### DESCRIPTION OF THE TASK
Return the records from the first line through the line containing "Șisturile albastre se", and leave out the pictures.

[Stored records]
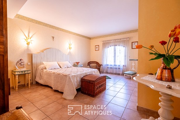 The tone is set from the moment you enter: generous volumes, high ceilings, and an industrial feel make this building an exceptional living space, just 10 minutes from Perpignan.
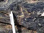 Șisturile albastre se găsesc în mod obișnuit în centurile orogene ca terase litologice în contact fals cu roci facies șisturi verzi[lower-alpha 6] sau rareori eclogit - Firn (în germana elvețiană färn, Pronunție în germană: /fɪərn/, în traducere din germana veche „de anul trecut”) este névé parțial compactat, un tip de zăpadă care a rămas din sezoanele trecute și a fost recristalizată într-o substanță mai densă decât nevé. Este gheața care se află într-un stadiu intermediar între zăpadă și gheață glaciară
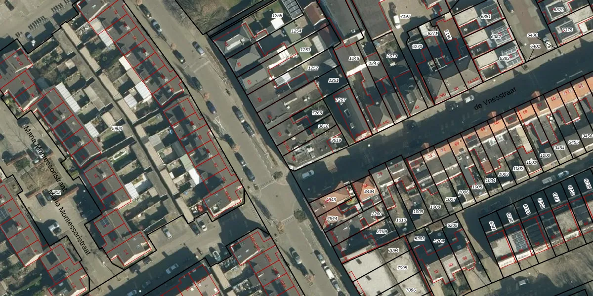Het perceel waarop de Vriesstraat 64 staat heeft een oppervlakte van 85 m². Dit is een klein perceel. De perceeloppervlakte wordt geregistreerd door het Kadaster. Gedetailleerde informatie over de maten van dit perceel kunt u vinden in het rapport Kadastrale kaart met maatvoering van de Vriesstraat 64.
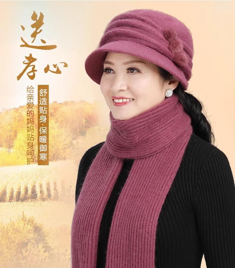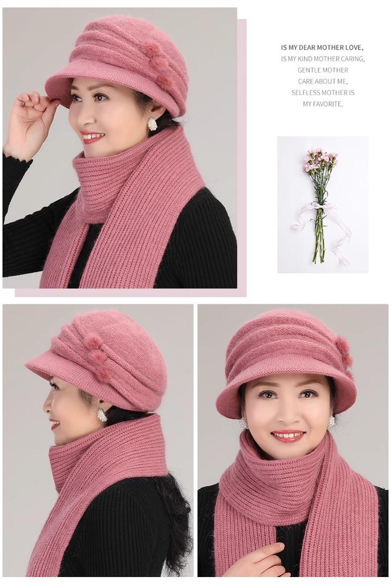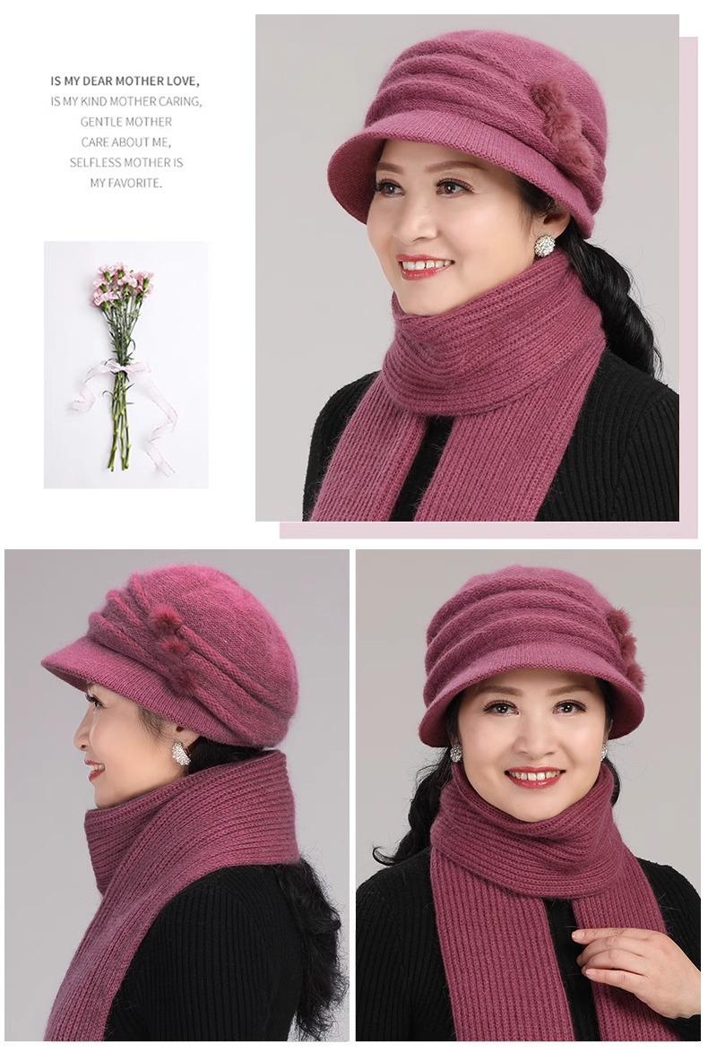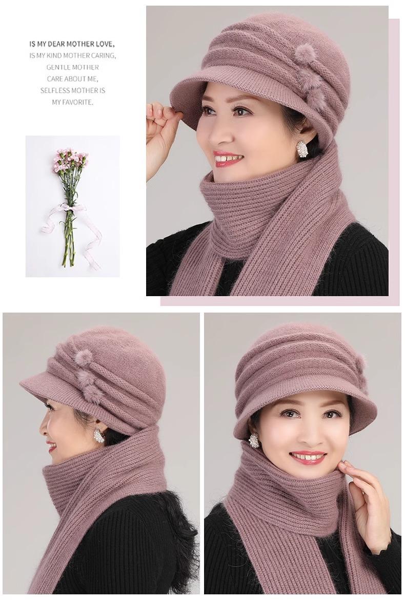 Gorro de invierno para mujer de mediana edad y anciana, tejido con protección para los oídos, gorro para madre, gorro para abuela, gorro de lana cálido con forro polar.
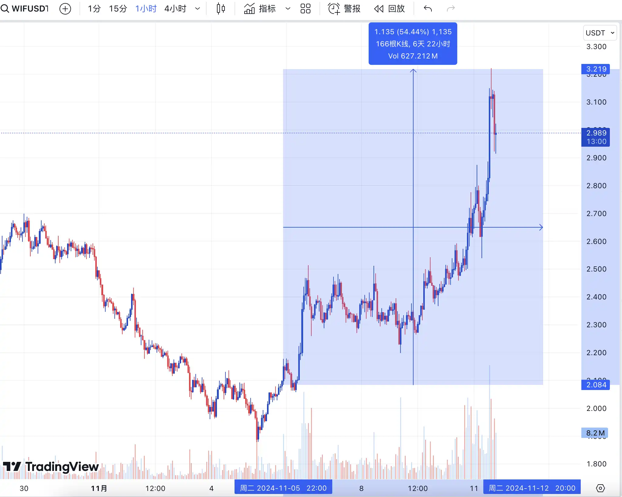 DogWifHat 可以称得上 2024 年上新在 CEX 上表现最好的 meme 币了,以 0.3 美元的价格上线 Binance 合约之后经过简短的盘整之后最高到达 4.8 美元,最高涨幅到达 16 倍。传奇交易员 Nachi 在 WIF 上最高获利超过两千万美元,WIF 目前是 Solana 生态 Meme 中市值最大的 Sol 生态 Meme「龙头」,从加密市场对 Trump 竞选活动产生反应,即 11 月 5 日的美盘时间以来,最高上涨 54.44%,市值现报 30.1 亿美元。

### REPLY
 The tone is set from the moment you enter: generous volumes, high ceilings, and an industrial feel make this building an exceptional living space, just 10 minutes from Perpignan.
 Șisturile albastre se găsesc în mod obișnuit în centurile orogene ca terase litologice în contact fals cu roci facies șisturi verzi[lower-alpha 6] sau rareori eclogit - Firn (în germana elvețiană färn, Pronunție în germană: /fɪərn/, în traducere din germana veche „de anul trecut”) este névé parțial compactat, un tip de zăpadă care a rămas din sezoanele trecute și a fost recristalizată într-o substanță mai densă decât nevé. Este gheața care se află într-un stadiu intermediar între zăpadă și gheață glaciară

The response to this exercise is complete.